- Dataset content:

-*-*-

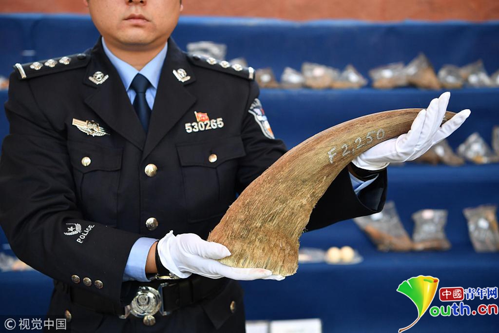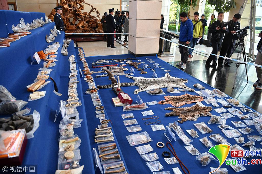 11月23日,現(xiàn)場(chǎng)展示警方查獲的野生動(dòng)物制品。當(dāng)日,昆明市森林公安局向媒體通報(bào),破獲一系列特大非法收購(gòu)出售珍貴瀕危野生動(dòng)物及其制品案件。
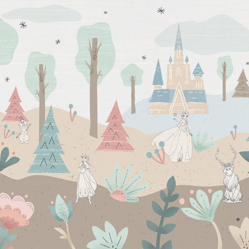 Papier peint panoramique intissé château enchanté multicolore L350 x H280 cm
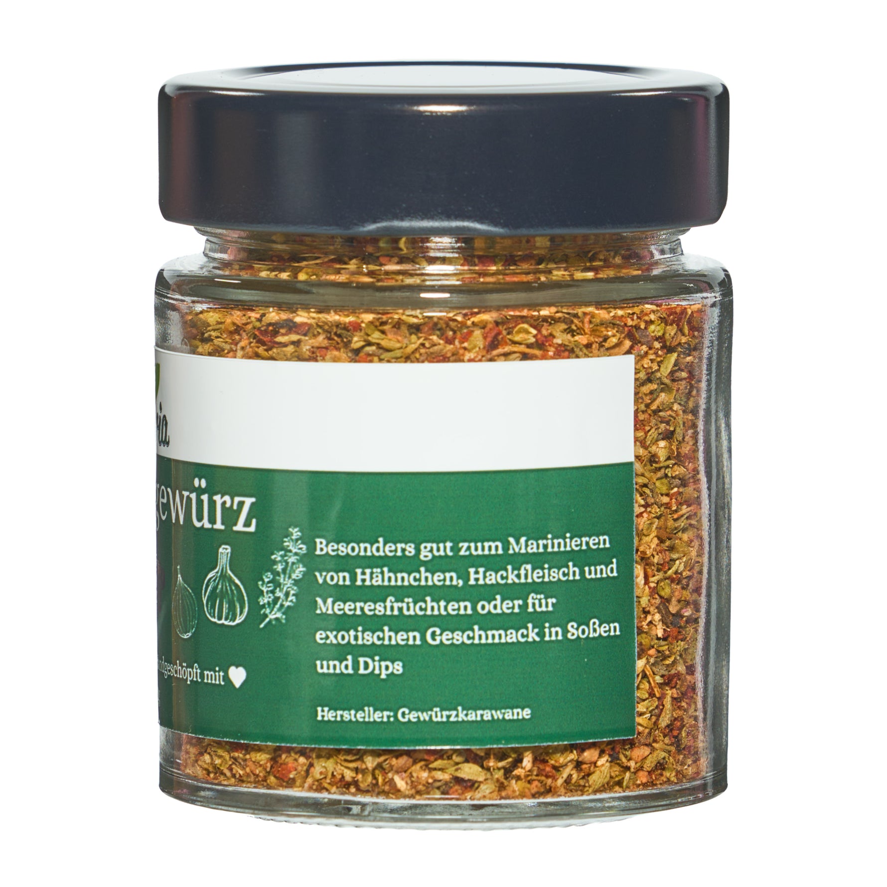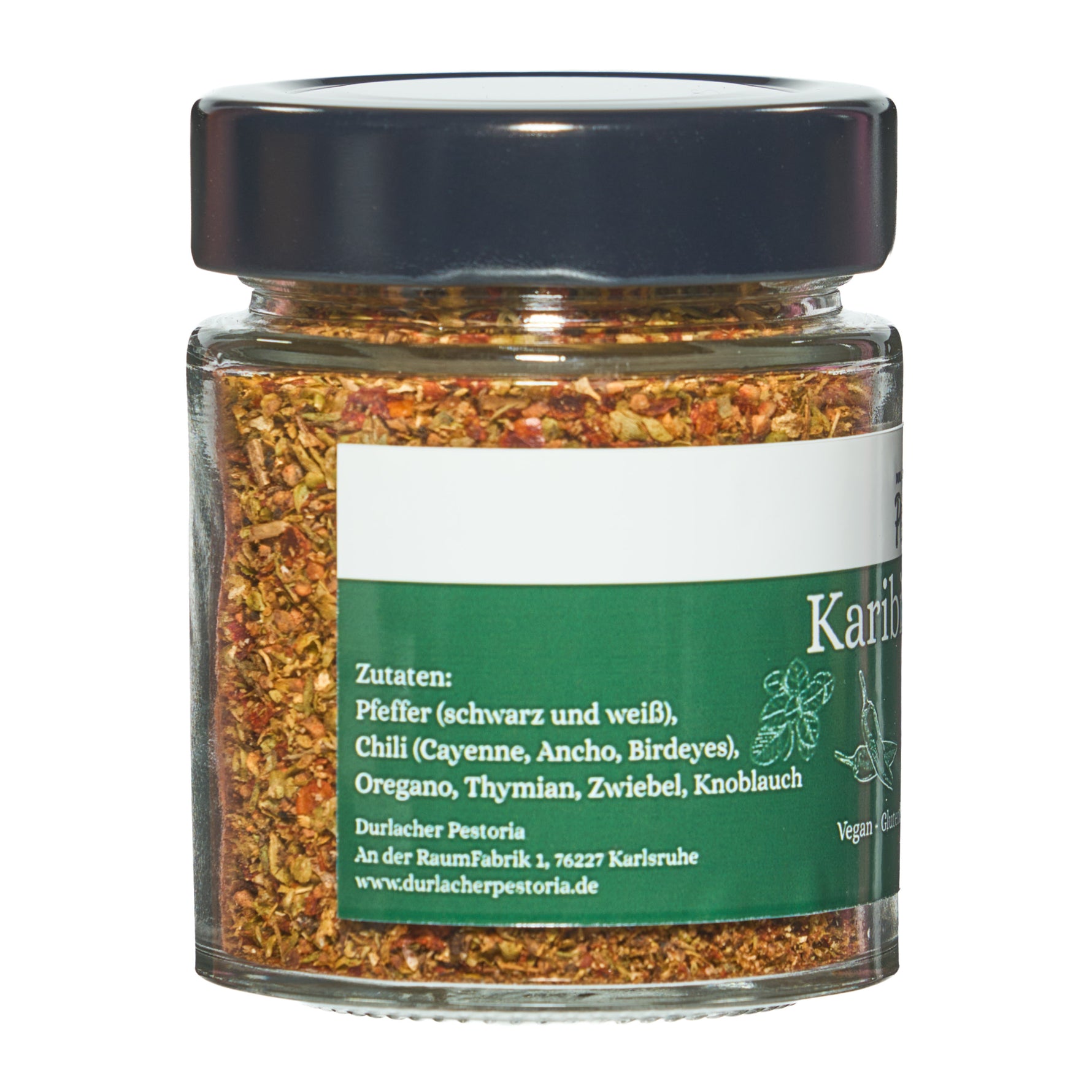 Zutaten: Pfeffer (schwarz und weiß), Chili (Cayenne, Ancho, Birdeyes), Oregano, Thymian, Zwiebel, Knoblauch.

-*-*-

- Required action: Give all the lines above again, character for character, without pictures.

- Answer section:
 11月23日,現(xiàn)場(chǎng)展示警方查獲的野生動(dòng)物制品。當(dāng)日,昆明市森林公安局向媒體通報(bào),破獲一系列特大非法收購(gòu)出售珍貴瀕危野生動(dòng)物及其制品案件。
 Papier peint panoramique intissé château enchanté multicolore L350 x H280 cm
 Zutaten: Pfeffer (schwarz und weiß), Chili (Cayenne, Ancho, Birdeyes), Oregano, Thymian, Zwiebel, Knoblauch.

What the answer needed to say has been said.